RAPID: How People Learn Rapidly: COVID-19 as a Crisis of Socioscientific Understanding and Educational Equity (NSF)
We documented how youth and families learned the science of the COVID-19 pandemic in real time, how they activated this scientific knowledge towards informed decision making, and how these processes changed over time.
Building a Learning Model of Youths’ Community-Based Critical Data Practices
(recently funded by NSF, link coming soon)
Using empirical understandings of youths’ community-based critical data practices during the COVID-19 pandemic, we are iteratively constructing a learning model of youths’ community-based critical practices, grounded in social epistemological perspectives. We operationalize youths’ community-based critical data practices as what youth do in socially-mediated and culturally embedded ways with, in relation to, and oriented around data and data infrastructure in support of more equitable everyday living.
Research in Service to Practice: Critical, Connected Co-Making with Youth, Families and Communities (C3)
(recently funded by NSF, link coming soon)
We aim to expand understandings of STEM-rich making that minoritized youth engage in with families and communities (“life-based co-making”), and leverage these insights towards advancing community-based maker programming.
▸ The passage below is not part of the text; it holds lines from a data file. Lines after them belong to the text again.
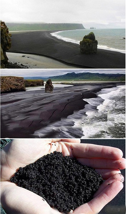 黑沙滩的“沙”其实是颗粒状的火山熔岩。这些熔岩颗纯粹无杂质,捧起一把,满手乌黑,轻轻一抖,黑沙四散,手上却纤毫不染。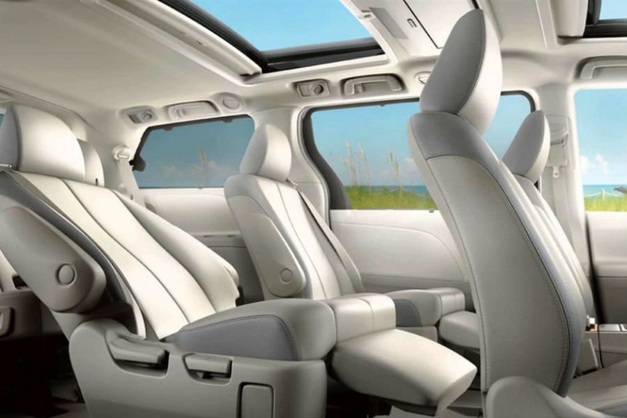 Αυτό που εντυπωσιάζει είναι οι πολυθρόνες στις οποίες μπορεί να μετατραπούν τα καθίσματα της μεσαίας σειράς (το Sienna είναι 7θέσιο), με την τεχνολογία Super Long Slide.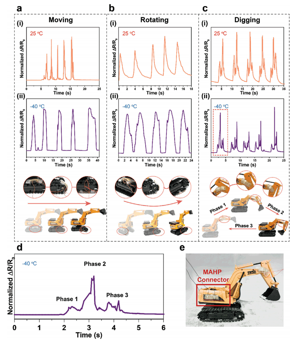 图5.MAHP在室温和极寒环境下的传感和导电性能表征。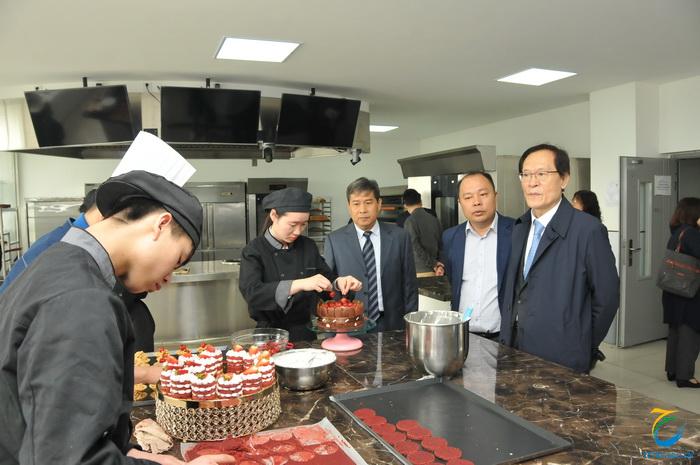 在徐永清副院长的陪同下,金元经理事长一行参观了我院烹饪食品系、酒店管理系、旅游外语系的实训室。

Our overarching goal is to better understand the particulars of how and why youth co-make in life-based and STEM-rich ways with families and communities, such that we can better infrastructure community-based maker programs in support of youth learning and well-being.
The YESTEM Project: A US/UK Partnership (NSF +Wellcome Trust)
Taking an ecological view of STEM learning as a sociocultural process of participation and transformation, we documented multiple youth pathways across ISL (informal STEM learning) over time, impacts on learning and development, and influences on ISL organizations. My participatory research findings with youth helped us identify aspects of learning environments which shape youth access and development. From these findings and from data analyzed in partnership with ISL designers, directors, and educators, we are now sharing tools and practices from this project with informal learning organizations globally. Check out the links below to learn more!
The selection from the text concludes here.